> WHAT IS REQUIRED
In the entries below, find the line with "possuem sítio eletrônico" and the line with "Adrianus Eversen war"; reproduce those two lines and all lines between them exactly, without pictures.

> GIVEN DATA
════════════════

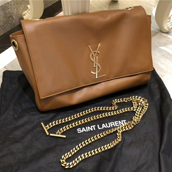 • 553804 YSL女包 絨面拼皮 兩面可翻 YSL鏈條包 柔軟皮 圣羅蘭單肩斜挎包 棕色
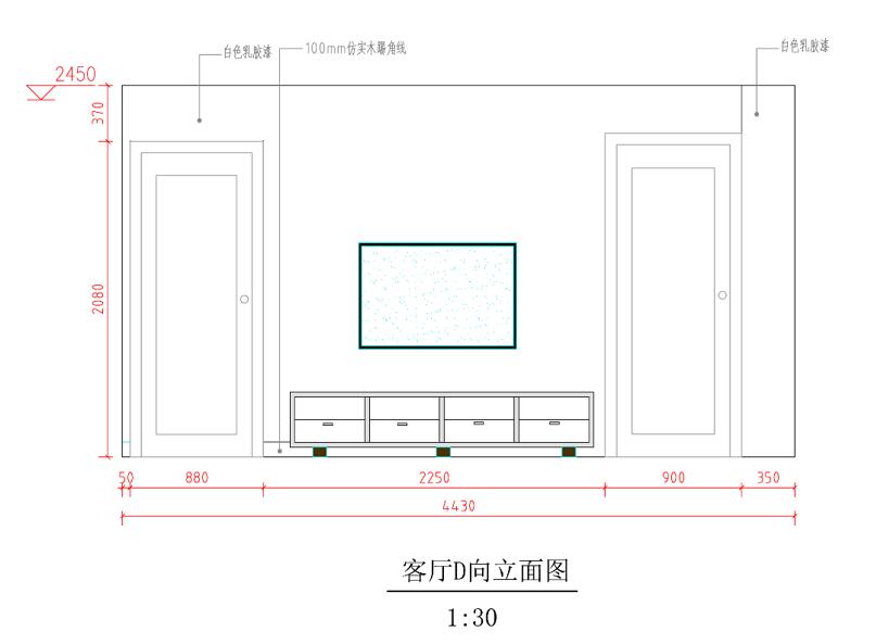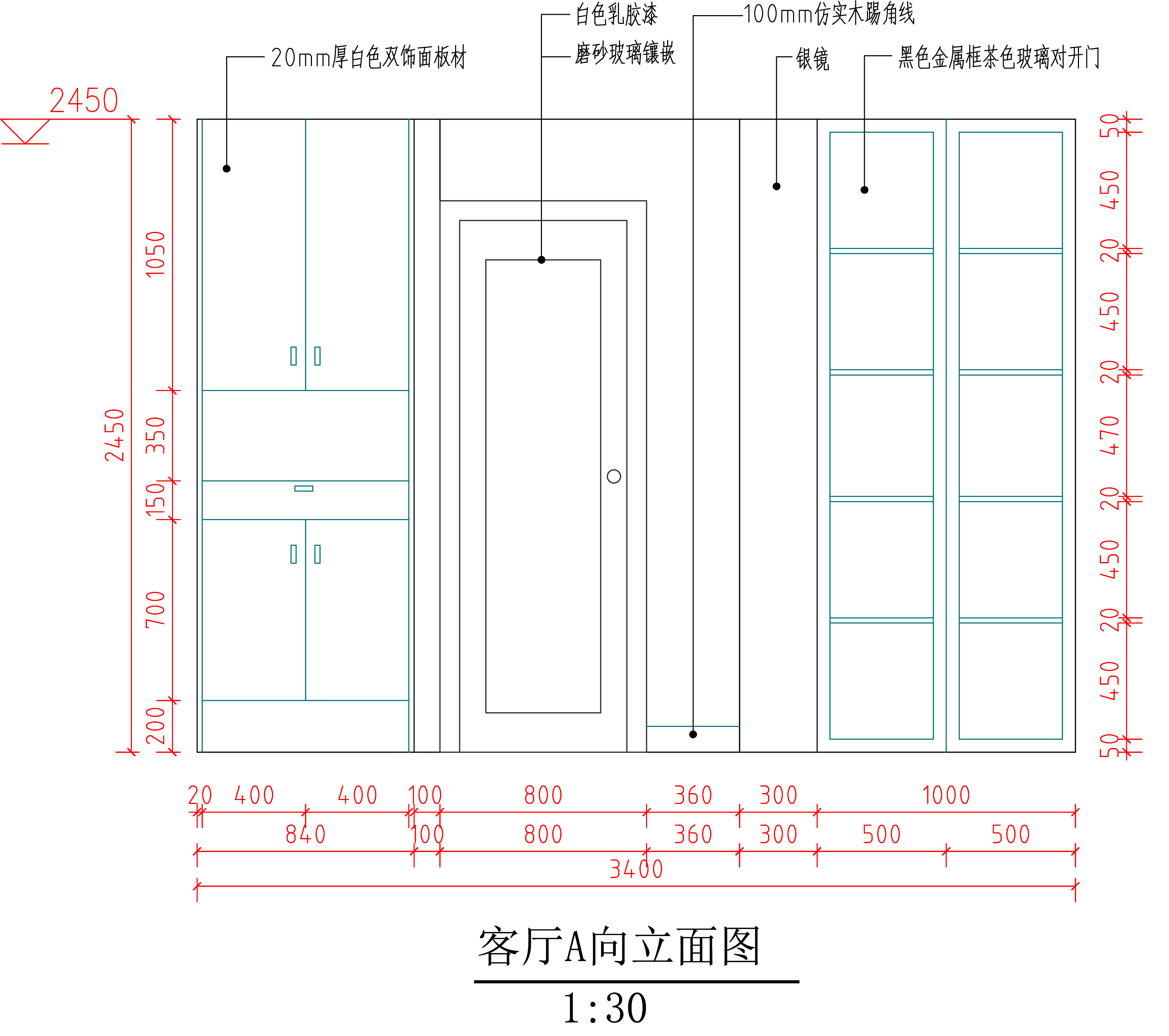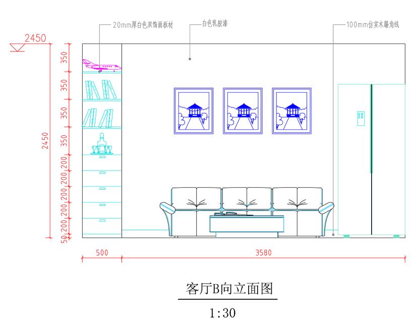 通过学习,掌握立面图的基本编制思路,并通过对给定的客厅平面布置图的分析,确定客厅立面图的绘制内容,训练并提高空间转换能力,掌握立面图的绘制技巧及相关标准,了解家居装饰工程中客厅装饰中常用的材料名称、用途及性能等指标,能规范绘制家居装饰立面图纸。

════════════════

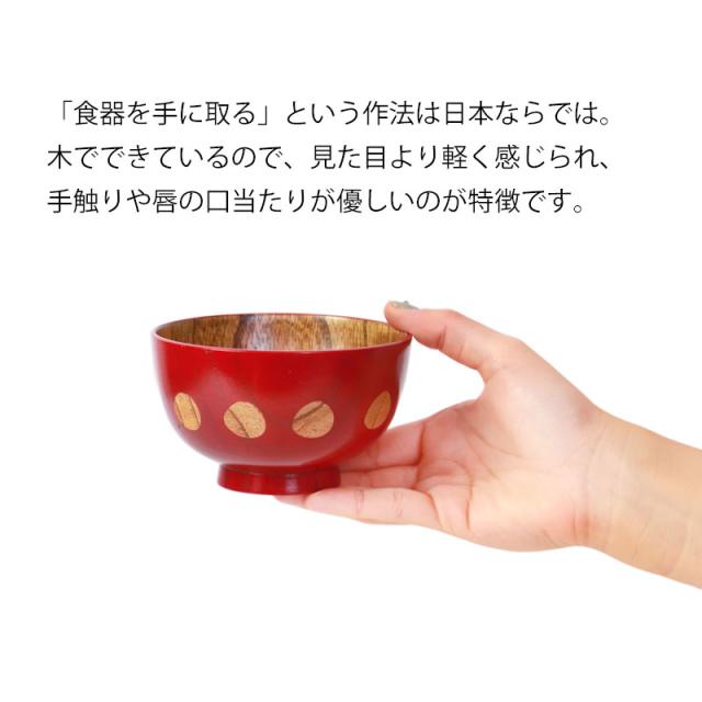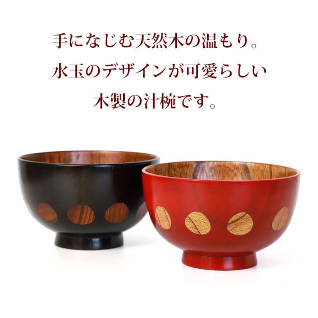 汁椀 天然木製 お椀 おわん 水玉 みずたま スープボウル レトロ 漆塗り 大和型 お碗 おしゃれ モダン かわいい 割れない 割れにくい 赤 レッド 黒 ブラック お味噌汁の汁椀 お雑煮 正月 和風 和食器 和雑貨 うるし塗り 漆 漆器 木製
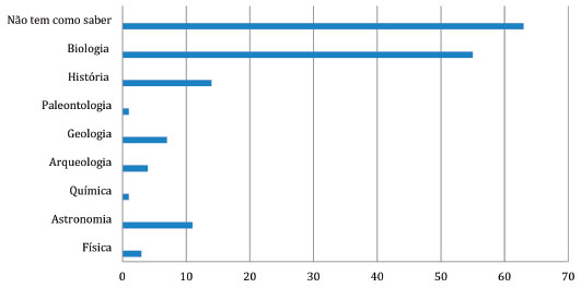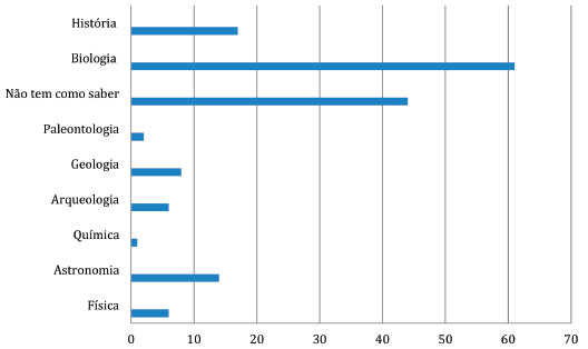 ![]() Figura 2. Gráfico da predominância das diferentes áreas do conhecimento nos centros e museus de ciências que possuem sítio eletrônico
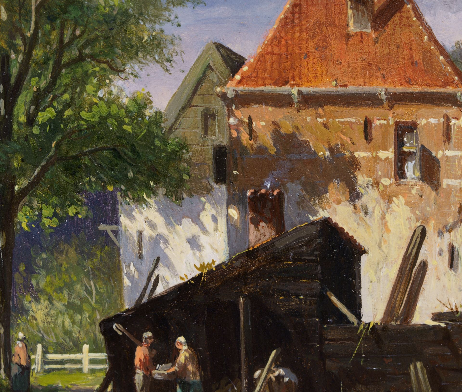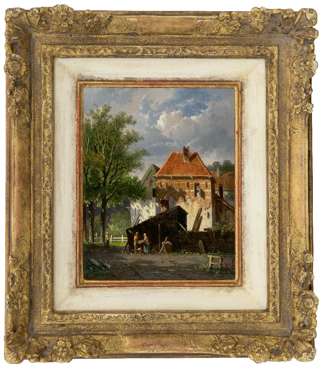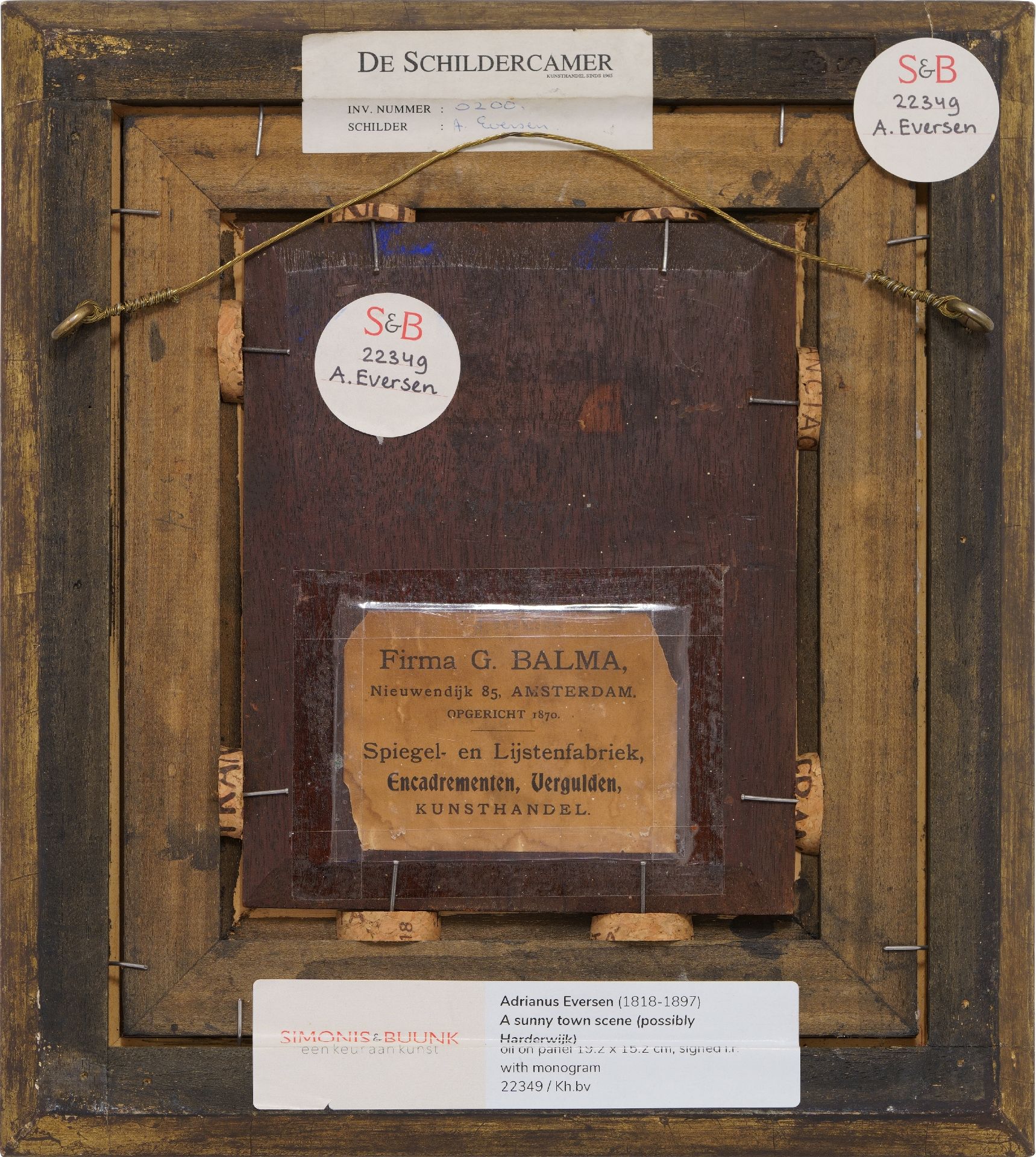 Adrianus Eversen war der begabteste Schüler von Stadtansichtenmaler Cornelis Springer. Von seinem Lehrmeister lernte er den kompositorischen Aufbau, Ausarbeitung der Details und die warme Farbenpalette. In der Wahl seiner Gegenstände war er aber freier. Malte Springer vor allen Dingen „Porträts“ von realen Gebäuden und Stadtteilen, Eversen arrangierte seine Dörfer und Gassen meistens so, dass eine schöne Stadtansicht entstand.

════════════════

> EXERCISE RESULT
 ![]() Figura 2. Gráfico da predominância das diferentes áreas do conhecimento nos centros e museus de ciências que possuem sítio eletrônico
 Adrianus Eversen war der begabteste Schüler von Stadtansichtenmaler Cornelis Springer. Von seinem Lehrmeister lernte er den kompositorischen Aufbau, Ausarbeitung der Details und die warme Farbenpalette. In der Wahl seiner Gegenstände war er aber freier. Malte Springer vor allen Dingen „Porträts“ von realen Gebäuden und Stadtteilen, Eversen arrangierte seine Dörfer und Gassen meistens so, dass eine schöne Stadtansicht entstand.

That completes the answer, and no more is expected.